Furthermore, if the FHS did not have oral health teams, they could refer those to another health service, improving the FHS network system and providing better management in primary health care for adolescents [1, 2].

The implementation of algorithms in primary health care should consider the use of implementation science and its frameworks [21, 25, 26]. It is necessary to listen to the workers in the process and to assess the organizational readiness for implement change [21, 27, 28], a multilevel construct that considers the organizational readiness of primary healthcare settings to use the algorithm. Some barriers to implementation should be stated. Not every PHC unit has a computer, to collect data and process the algorithm. However, as the software used is free for machine learning, it could be implemented using online dashboards. Moreover, the acceptability, feasibility and other implementation outcomes should be tested. Future works using machine learning approaches to detect adolescents and children with untreated caries need to be further investigated, in terms of adoption, sustainability and fidelity of the intervention. Although the most important variables to predict were health behaviours (dental floss use and unhealthy food consumption) they could be modifiable factors that FHS should focus on to maximize health promotion strategies for the adolescents [21].

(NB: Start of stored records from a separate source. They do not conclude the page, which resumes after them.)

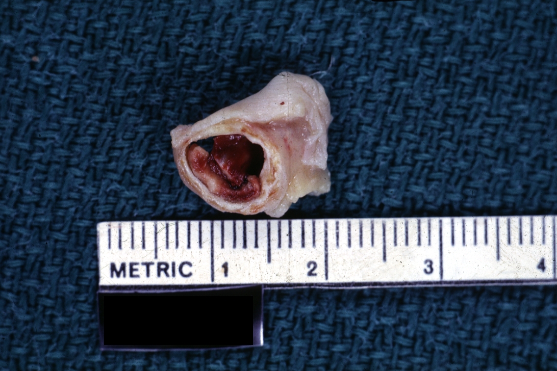 GROSS: CARDIOVASCULAR: VASCULATURE: Coronary artery: Thrombus: Gross cross section good example
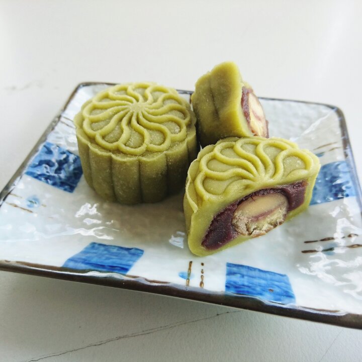 皮加了抹茶粉,馅里放了糖栗子,抹茶红豆栗子的搭配棒呆~
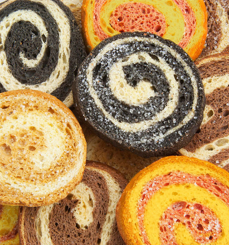 兩種麵糰揉製出陀螺紋路,切片烘烤並輕灑細緻晶糖。
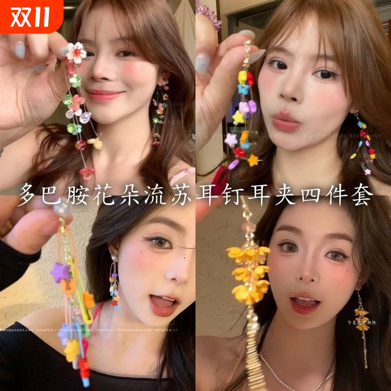 只为花忙!超仙气质多巴胺花朵耳钉女夏日出游高级感耳环百搭耳饰
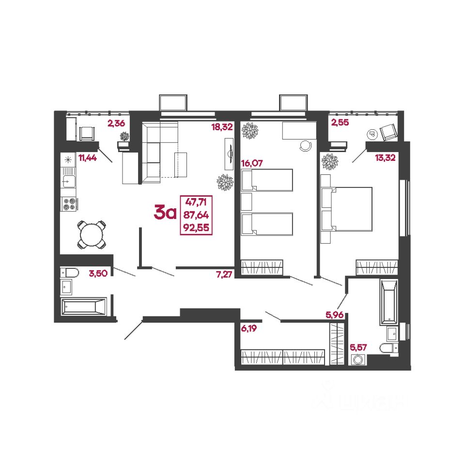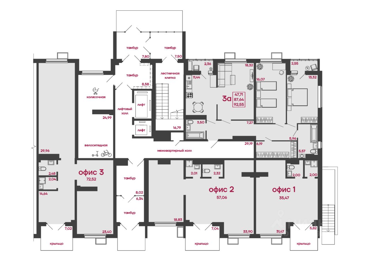 Общая площадь92,55 м2
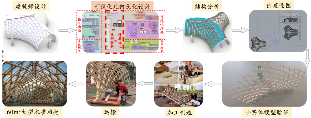 应用成果二:开发面向建造的可视化计算工具,成功建立大型网壳结构
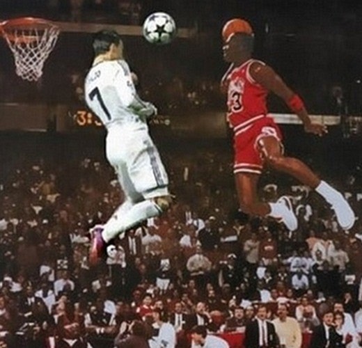 해당 사진은 두 사람의 점프하는 모습을 합성한 것으로 축구선수의 호날두의 점프력이 농구선수 못지 않다는 것을 보여주고 있다.

In conclusion, the machine learning approach performed well in predicting adolescents with untreated dental caries, using Sisson’s theoretical model. Family health teams can improve the work process and use artificial intelligence mechanisms to predict adolescents with untreated dental caries, and, in this way, schedule dental appointments for the treatment of adolescents earlier. Moreover, implementation science should be used to implement algorithms in the real world, and different implementation outcomes need to be tested before AI is used in these settings.